記者会見する全国銀行協会の平野信行会長=18日午後、東京都千代田区【拡大】
紙の通帳のないインターネット口座の普及が進む中、大手銀行が紙の通帳を前提にした口座や現金自動預払機(ATM)など旧来型サービスの見直しを検討している。日銀のマイナス金利政策の影響などで収益環境が悪化し、税負担など維持管理費の削減を図りたい思惑がある。ただ、他行に先駆ければ通帳に慣れた預金者の反発で顧客離れを招く恐れがあり、導入時期を慎重に見極めている。
「手数料の形は理屈としてはあり得る。
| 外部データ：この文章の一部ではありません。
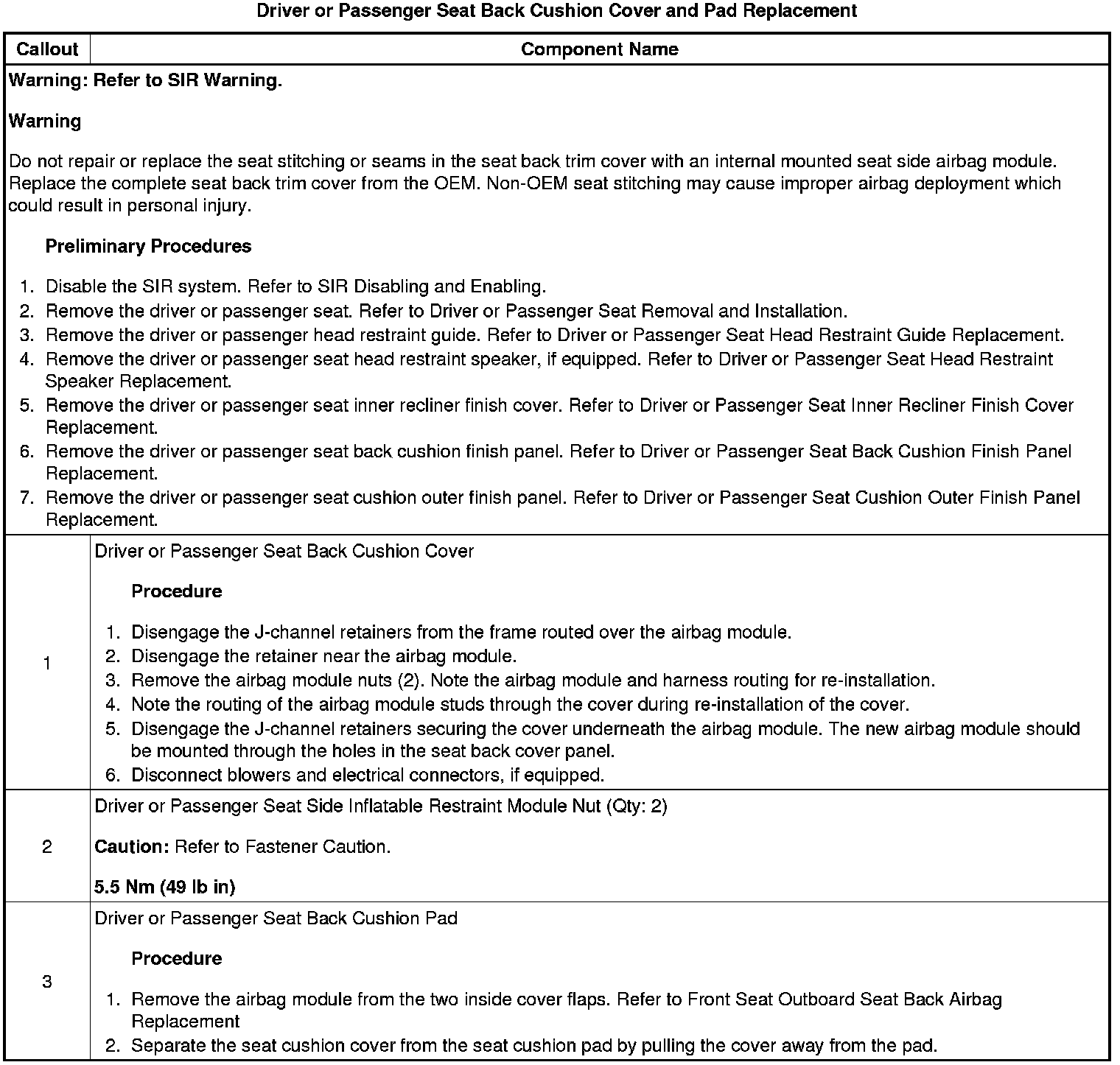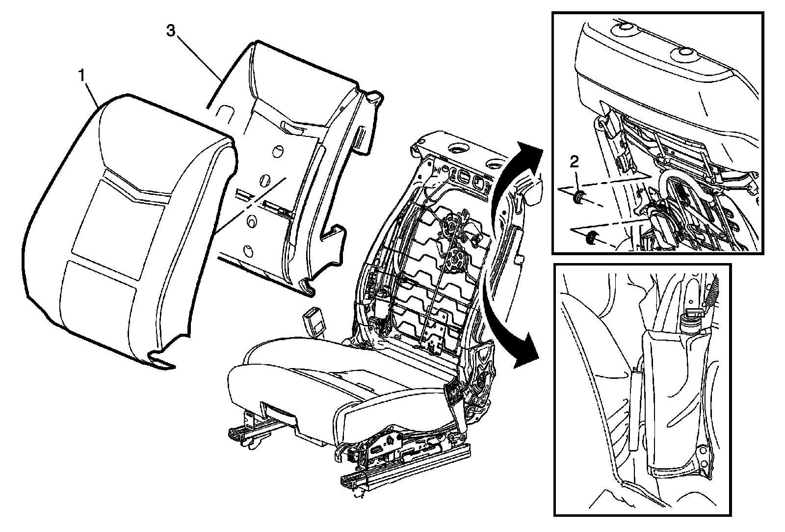 Driver or Passenger Seat Back Cushion Cover and Pad Replacement
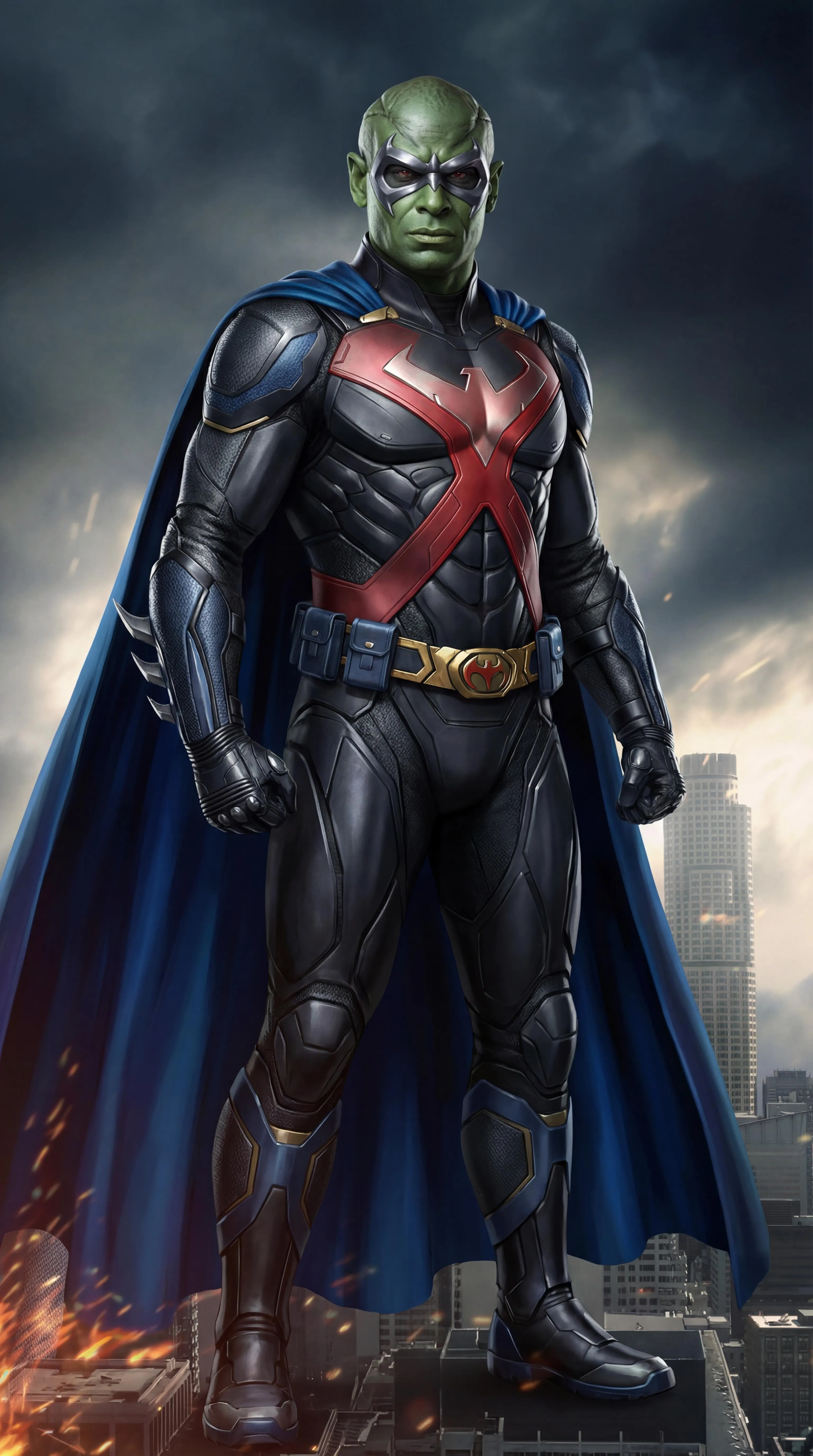 Create AI-generated art of Night Manhunter: A seamless fusion of Martian Manhunter and Nightwing. Features combined armor, the iconic red X chest logo, merged boots, utility belts, blue capes, and Nightwing's mask. Generate this unique superhero hybrid with vivago.ai's AI tools.

お客さまにとっての価値を十分考えた上で今後も検討する」
全国銀行協会の平野信行会長(三菱UFJフィナンシャル・グループ社長)は18日、東京都内で開いた記者会見でこう述べ、預金者の理解を前提に「口座維持手数料」などさまざまな検討を各行が進めている現状を説明した。
銀行は紙の通帳を使う口座を維持するため、1口座当たり年間200円の印紙税を国に支払う必要がある。国税庁によると銀行業界全体で2015年度に負担した税額は約726億円に上る。
このため、三菱東京UFJ、三井住友、みずほの3メガバンクでは紙の通帳の発行を有料化したり、毎年の維持手数料を取ったりとの案が浮上している。
また通帳読み取りに加え、小銭を入金できるなど高度な技術が用いられた日本のATMは、限られた紙幣しか使えない海外のものに比べ高額だ。国内行のATM手数料が高い一因との見方もあり、簡素化が今後の課題になる。